AVANTAGES ET INCONVÉNIENS DE LA CIRCULATION FIDUCIAIRE.

Il y a cent ans environ, Adam Smith disait qu’on pourrait tout aussi bien aller en guerre avec des canons de papier qu’avec du papier-monnaie. S’il avait vécu de notre temps, il n’aurait certainement pas tenu le même langage. Déjà, à la fin du siècle dernier, l’Angleterre avait montré qu’on peut parfaitement faire la guerre avec du papier-monnaie; elle en a eu en circulation pendant toute sa lutte contre l’empire et même au-delà, de 1797 à 1819, et elle s’en est servie pour se procurer des ressources extraordinaires dont elle avait besoin; mais c’est à notre époque surtout que l’utilité du papier-monnaie en temps de guerre a été le mieux démontrée. Depuis vingt-cinq ans, la plupart des nations y ont eu recours.
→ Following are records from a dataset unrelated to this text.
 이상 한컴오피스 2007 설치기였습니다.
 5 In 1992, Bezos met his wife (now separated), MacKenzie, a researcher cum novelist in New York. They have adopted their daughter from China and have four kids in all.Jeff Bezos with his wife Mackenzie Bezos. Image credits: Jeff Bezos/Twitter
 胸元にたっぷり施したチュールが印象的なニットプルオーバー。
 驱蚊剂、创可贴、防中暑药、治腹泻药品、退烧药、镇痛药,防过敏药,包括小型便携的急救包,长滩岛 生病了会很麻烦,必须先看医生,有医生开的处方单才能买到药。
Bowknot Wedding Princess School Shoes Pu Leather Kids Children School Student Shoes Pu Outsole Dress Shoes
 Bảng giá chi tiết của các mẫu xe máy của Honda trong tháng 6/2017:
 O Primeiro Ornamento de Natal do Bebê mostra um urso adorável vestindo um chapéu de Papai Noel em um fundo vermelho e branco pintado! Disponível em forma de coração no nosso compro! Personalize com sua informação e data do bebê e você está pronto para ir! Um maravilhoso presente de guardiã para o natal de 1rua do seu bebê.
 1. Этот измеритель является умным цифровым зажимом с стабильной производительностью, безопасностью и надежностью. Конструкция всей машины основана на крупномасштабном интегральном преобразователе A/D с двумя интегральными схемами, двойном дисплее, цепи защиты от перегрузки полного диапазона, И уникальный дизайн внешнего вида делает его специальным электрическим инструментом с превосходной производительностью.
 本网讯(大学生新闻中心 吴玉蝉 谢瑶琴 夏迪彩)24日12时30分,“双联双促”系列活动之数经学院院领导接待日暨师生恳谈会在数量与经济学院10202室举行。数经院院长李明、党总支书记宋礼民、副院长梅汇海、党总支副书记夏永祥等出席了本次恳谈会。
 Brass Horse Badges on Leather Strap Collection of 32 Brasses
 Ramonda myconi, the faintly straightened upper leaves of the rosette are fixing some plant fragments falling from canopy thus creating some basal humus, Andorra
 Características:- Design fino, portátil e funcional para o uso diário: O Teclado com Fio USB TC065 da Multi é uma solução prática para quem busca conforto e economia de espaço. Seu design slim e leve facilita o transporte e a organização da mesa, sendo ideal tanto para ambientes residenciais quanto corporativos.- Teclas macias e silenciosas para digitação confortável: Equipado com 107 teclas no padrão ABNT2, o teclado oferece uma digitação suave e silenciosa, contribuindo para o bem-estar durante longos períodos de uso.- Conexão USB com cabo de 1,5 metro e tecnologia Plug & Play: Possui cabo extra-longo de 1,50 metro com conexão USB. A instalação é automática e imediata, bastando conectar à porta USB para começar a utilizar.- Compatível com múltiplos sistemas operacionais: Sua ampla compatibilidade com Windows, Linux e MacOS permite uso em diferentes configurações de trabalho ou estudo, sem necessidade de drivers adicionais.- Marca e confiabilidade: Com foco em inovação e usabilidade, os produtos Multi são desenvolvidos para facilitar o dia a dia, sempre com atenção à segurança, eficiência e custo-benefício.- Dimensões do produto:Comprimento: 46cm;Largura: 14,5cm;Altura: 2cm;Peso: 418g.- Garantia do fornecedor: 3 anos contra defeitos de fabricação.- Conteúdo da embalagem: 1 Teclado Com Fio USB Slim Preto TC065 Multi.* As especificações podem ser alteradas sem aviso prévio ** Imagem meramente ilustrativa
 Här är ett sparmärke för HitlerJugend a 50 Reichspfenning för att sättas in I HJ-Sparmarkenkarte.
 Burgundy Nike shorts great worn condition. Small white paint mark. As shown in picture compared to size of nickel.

La Russie en a émis en 1854 et 1855 pour soutenir la guerre de Crimée; l’Autriche a créé celui qu’elle a pour se défendre d’abord contre la France et l’Italie en 1859, puis contre l’Allemagne en 1866. Celui qui existe en Italie date aussi de 1866 et de la même guerre. Les États-Unis ont émis le leur, et Dieu sait dans quelle proportion, lors de la guerre de sécession. Enfin il n’est pas jusqu’à la France, si riche, qui n’ait été obligée d’y recourir lors de sa lutte avec l’Allemagne en 1870. La Turquie combat en ce moment contre les Serbes et le Monténégro avec du papier-monnaie.

On peut donc dire que la déclaration d’Adam Smith est en contradiction absolue avec les faits que nous avons eus sous les yeux. Le papier-monnaie est devenu au contraire l’auxiliaire indispensable de la guerre. Il y a deux raisons pour cela : d’abord, dans ces momens-là, les espèces métalliques se cachent ou fuient à l’étranger; il faut bien les remplacer et pourvoir aux besoins de la circulation.